The Scott Three did not have a rigid hierarchy as some bands have. Dwain Reed sang the leading part in several of their songs--in all of the ones that had leading parts, in the selection his and my mother re-recorded on the cassette tape from which I learned the songs. Harold Tipton and Morgan Gibson led in other songs, and even sang solos or duets without Reed. They covered a few pop hits but most of their songs were their own original compositions. 

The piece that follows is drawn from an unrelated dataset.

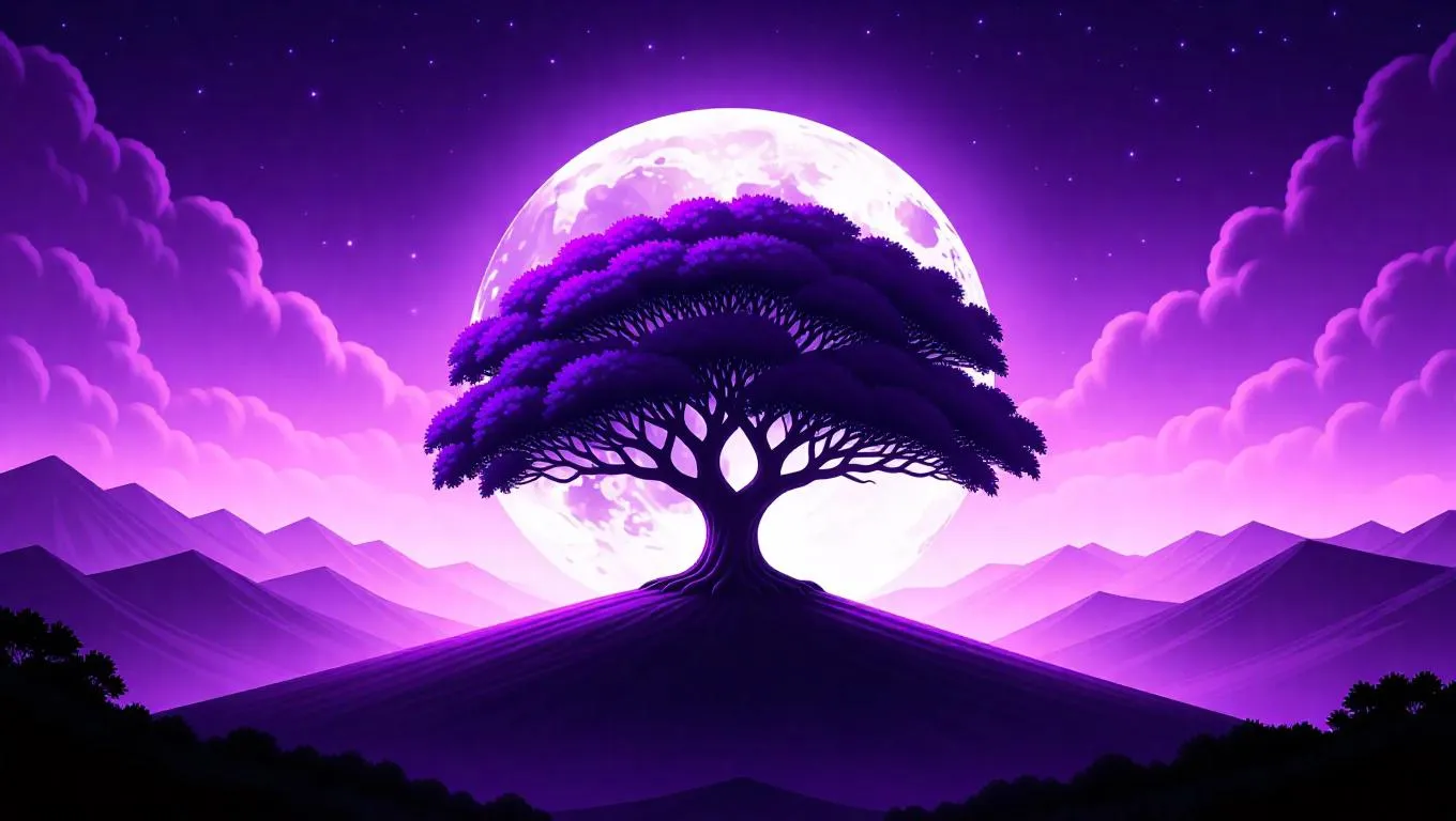 Generate a serene fantasy landscape with vivago.ai: AI-crafted purple tree on a moonlit hill, starry dark purple sky, and ethereal ambiance. Transform text into dreamy, peaceful visuals using professional AI image tools for enchanting, otherworldly scenes.
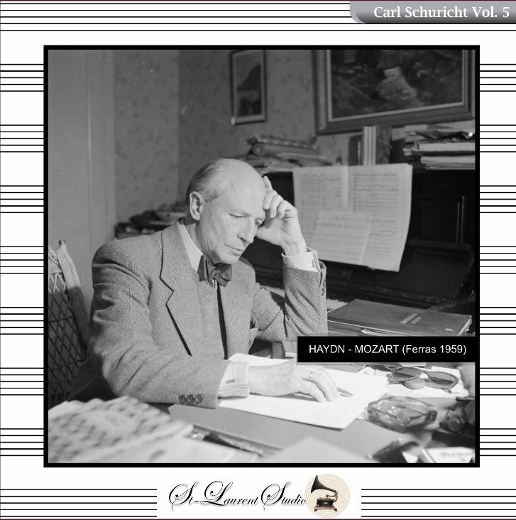 CARL SCHURICHT Cond. l'Opera de Monte-Carlo Orch.: 'London' Symphony #104 in D (Haydn); 'Haffner' Symphony #35 in D, K.395; w.CHRISTIAN FERRAS: Violin Concerto #4 in D,K.218 (both Mozart). (Canada) St Laurent Studio YSL T-1292, Live Performance, 15 Aug., 1959, Basilique Saint-Michel Archange de Menton, France. Transfers by Yves St Laurent. (C1980)

Two linguistic details from "the tape" come to mind: in one song Dwain Reed recorded the way older people pronounced the word "zebra" with two long vowels, "ze-bray," and also included what may be the first documented use of "I said to myself, 'Self...'"

Nothing about this group has been preserved online.

Dwain Reed, Afterward

After the Scott Three broke up he really did go home and sell insurance, as disappointed musicians stereotypically threaten to do. But he still liked music and organized a garage band called the Monotones in the 1980s. Then in the 1990s he bought a row of three old "factory shacks," knocked them down, and built what he intended to be a wholesome nightclub like the Carter Fold on the site. It was called the Silver Spur. Local folk remember it as a place that demonstrated the truth that, even if you officially ban alcoholic drinks from a nightclub, some people of Irish and Cherokee descent will bring them in and carry on like the sort of "drunken Indians" nobody loves. "It's not the den of iniquity people make it sound like," relatives would say defensively. Inside, the place was wholesome, with at least one gospel song closing every evening's performance. Out in the parking lot the police were called to break up drunken brawls every few months.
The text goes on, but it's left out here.